§ **BRIEF**:
Starting at the line that contains "11月9日,教育部高等学校科" and stopping at the line that contains "A basketball player", restate each line of the records below exactly. Omit the pictures.

§ **GIVEN DATA**:
'''
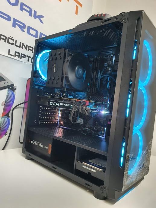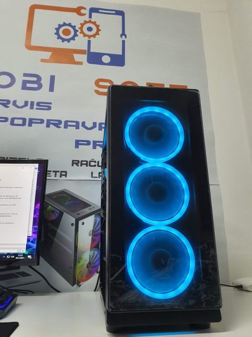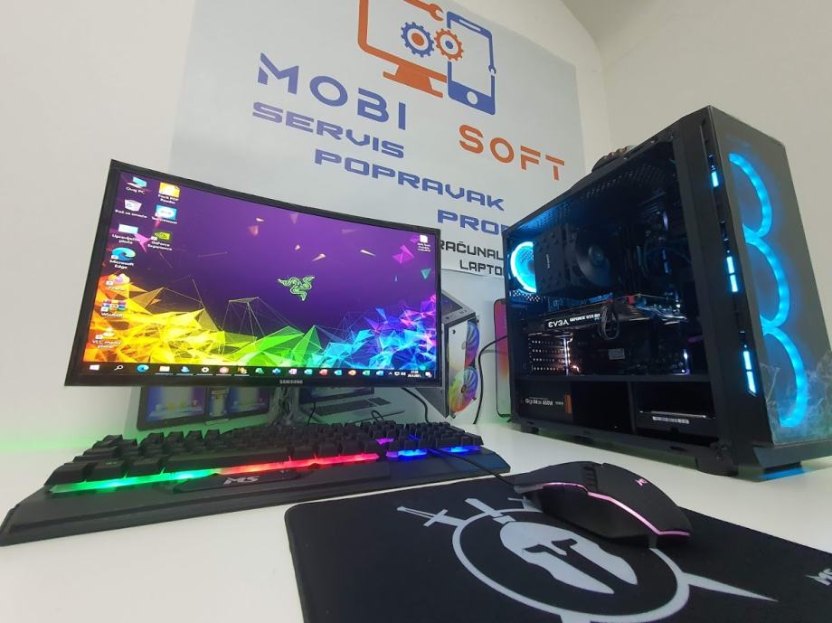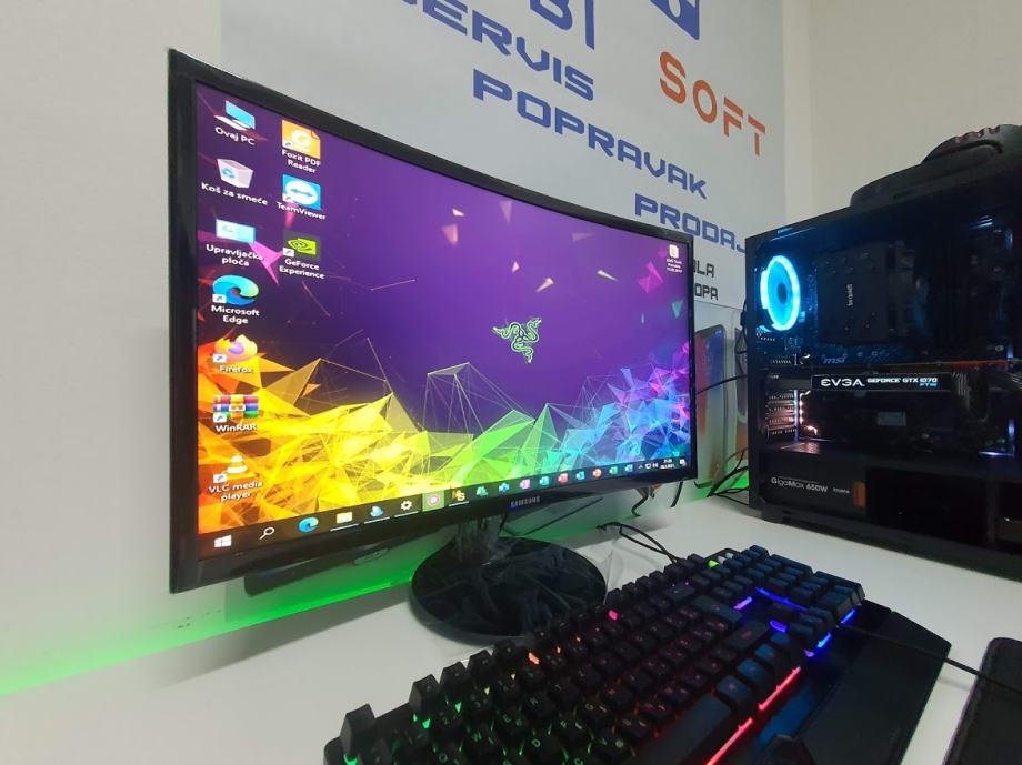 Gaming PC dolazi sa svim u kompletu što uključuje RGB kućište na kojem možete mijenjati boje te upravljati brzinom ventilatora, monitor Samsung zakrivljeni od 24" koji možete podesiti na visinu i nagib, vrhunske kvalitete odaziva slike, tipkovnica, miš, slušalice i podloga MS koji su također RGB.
'''
'''
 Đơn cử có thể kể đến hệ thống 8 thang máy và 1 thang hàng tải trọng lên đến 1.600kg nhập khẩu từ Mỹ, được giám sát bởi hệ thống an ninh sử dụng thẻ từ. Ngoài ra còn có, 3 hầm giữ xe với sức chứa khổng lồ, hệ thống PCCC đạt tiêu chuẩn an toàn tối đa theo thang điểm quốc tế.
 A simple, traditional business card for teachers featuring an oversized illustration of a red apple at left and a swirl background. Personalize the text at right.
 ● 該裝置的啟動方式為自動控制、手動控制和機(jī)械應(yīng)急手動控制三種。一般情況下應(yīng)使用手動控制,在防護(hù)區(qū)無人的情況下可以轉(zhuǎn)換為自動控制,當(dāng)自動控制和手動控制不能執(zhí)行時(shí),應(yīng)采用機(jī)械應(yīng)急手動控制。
'''
'''
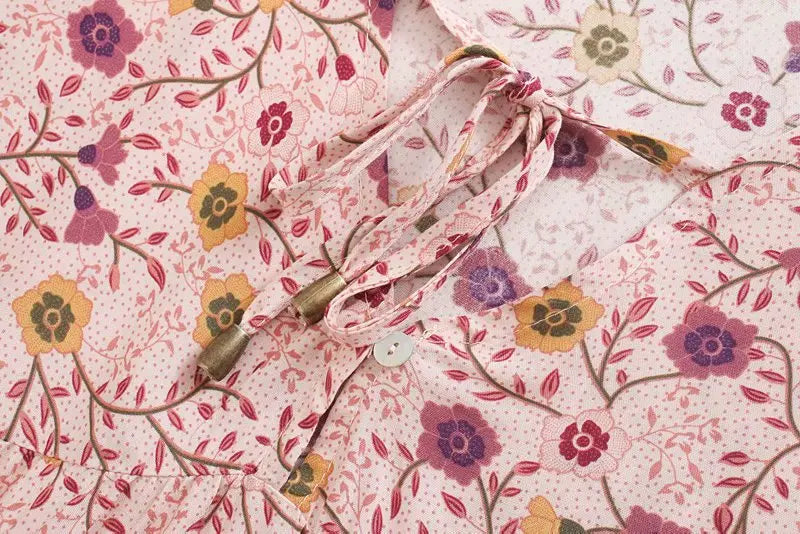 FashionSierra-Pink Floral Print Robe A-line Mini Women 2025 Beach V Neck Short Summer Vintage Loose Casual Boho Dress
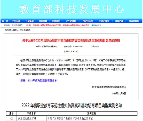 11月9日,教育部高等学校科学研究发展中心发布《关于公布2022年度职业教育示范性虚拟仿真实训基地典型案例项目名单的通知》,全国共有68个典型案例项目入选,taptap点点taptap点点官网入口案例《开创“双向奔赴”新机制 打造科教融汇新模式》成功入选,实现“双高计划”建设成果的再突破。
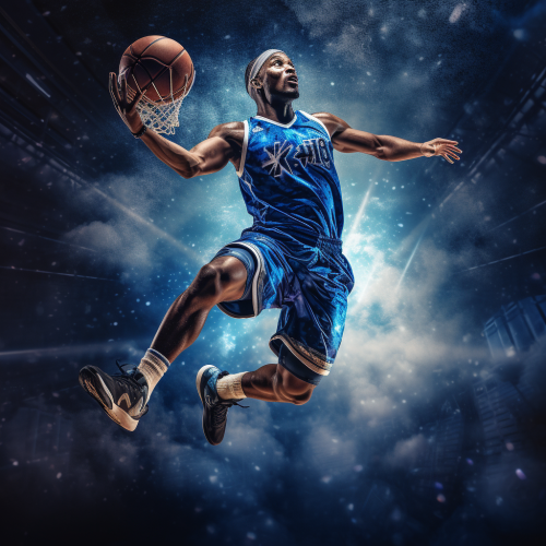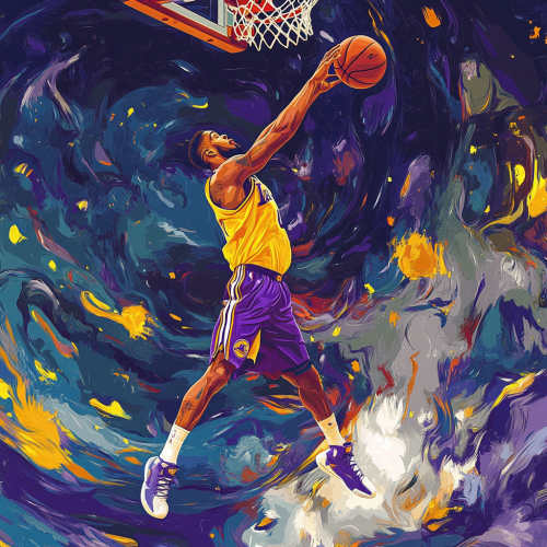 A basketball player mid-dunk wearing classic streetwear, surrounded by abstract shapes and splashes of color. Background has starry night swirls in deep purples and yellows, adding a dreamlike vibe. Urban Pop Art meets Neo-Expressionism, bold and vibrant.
'''
§ **EXPECTED ANSWER**:
 11月9日,教育部高等学校科学研究发展中心发布《关于公布2022年度职业教育示范性虚拟仿真实训基地典型案例项目名单的通知》,全国共有68个典型案例项目入选,taptap点点taptap点点官网入口案例《开创“双向奔赴”新机制 打造科教融汇新模式》成功入选,实现“双高计划”建设成果的再突破。
 A basketball player mid-dunk wearing classic streetwear, surrounded by abstract shapes and splashes of color. Background has starry night swirls in deep purples and yellows, adding a dreamlike vibe. Urban Pop Art meets Neo-Expressionism, bold and vibrant.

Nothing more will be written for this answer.